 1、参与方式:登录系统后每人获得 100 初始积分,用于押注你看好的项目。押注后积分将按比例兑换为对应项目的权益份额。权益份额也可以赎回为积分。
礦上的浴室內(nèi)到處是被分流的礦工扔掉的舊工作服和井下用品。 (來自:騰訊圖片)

---

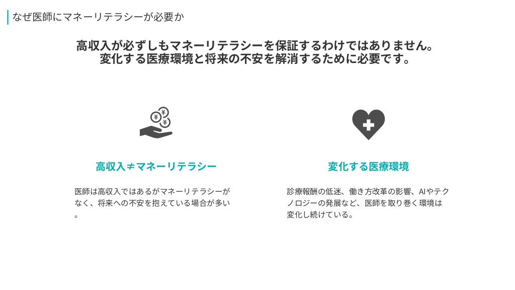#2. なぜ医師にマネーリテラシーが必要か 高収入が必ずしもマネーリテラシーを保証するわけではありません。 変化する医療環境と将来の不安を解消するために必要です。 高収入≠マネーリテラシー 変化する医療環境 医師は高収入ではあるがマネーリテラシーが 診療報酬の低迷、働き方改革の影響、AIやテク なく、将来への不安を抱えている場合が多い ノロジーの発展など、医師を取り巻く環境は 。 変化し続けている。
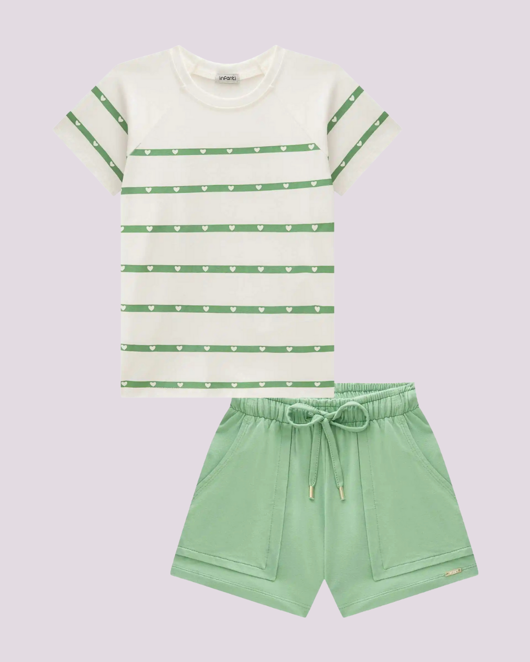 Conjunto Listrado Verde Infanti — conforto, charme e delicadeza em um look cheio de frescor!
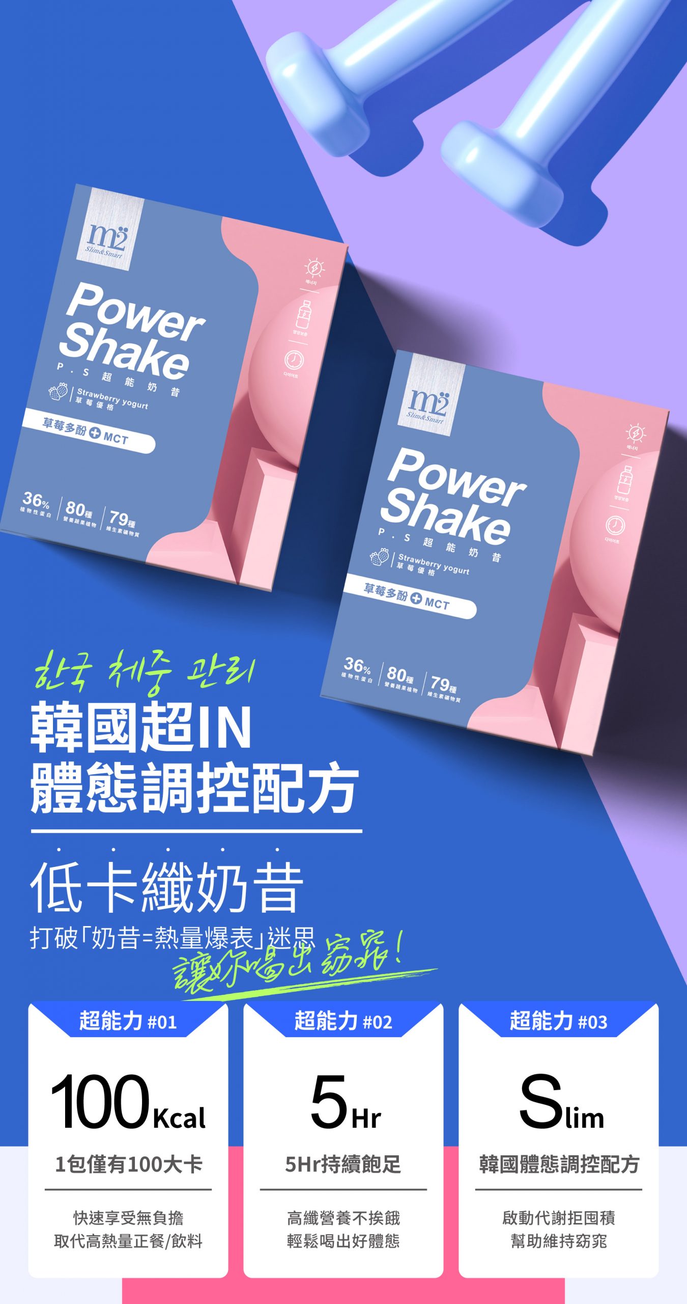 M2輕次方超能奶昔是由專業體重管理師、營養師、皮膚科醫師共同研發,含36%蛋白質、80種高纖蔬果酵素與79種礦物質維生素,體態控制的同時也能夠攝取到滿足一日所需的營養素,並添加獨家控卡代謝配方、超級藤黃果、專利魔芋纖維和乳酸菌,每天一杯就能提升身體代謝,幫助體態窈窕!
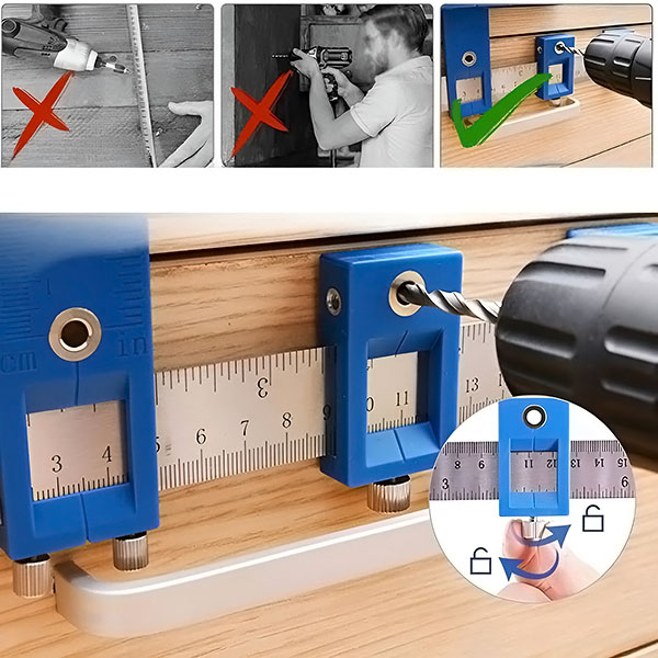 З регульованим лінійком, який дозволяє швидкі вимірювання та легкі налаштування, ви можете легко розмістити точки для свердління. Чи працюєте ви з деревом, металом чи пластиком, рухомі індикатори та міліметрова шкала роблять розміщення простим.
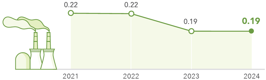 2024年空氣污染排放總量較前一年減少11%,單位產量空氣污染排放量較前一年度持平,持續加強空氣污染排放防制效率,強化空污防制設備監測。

==

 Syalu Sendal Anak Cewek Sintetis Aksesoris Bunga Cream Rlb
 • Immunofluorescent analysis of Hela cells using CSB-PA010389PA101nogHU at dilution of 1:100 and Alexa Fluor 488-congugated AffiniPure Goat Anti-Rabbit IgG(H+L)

# How to complete this task
In the entries above, every line from the line with "Conjunto Listrado Verde" to the line with "2024年空氣污染排放總量較" is to be printed exactly, with both ends included and pictures excluded.

# Your response
 Conjunto Listrado Verde Infanti — conforto, charme e delicadeza em um look cheio de frescor!
 M2輕次方超能奶昔是由專業體重管理師、營養師、皮膚科醫師共同研發,含36%蛋白質、80種高纖蔬果酵素與79種礦物質維生素,體態控制的同時也能夠攝取到滿足一日所需的營養素,並添加獨家控卡代謝配方、超級藤黃果、專利魔芋纖維和乳酸菌,每天一杯就能提升身體代謝,幫助體態窈窕!
 З регульованим лінійком, який дозволяє швидкі вимірювання та легкі налаштування, ви можете легко розмістити точки для свердління. Чи працюєте ви з деревом, металом чи пластиком, рухомі індикатори та міліметрова шкала роблять розміщення простим.
 2024年空氣污染排放總量較前一年減少11%,單位產量空氣污染排放量較前一年度持平,持續加強空氣污染排放防制效率,強化空污防制設備監測。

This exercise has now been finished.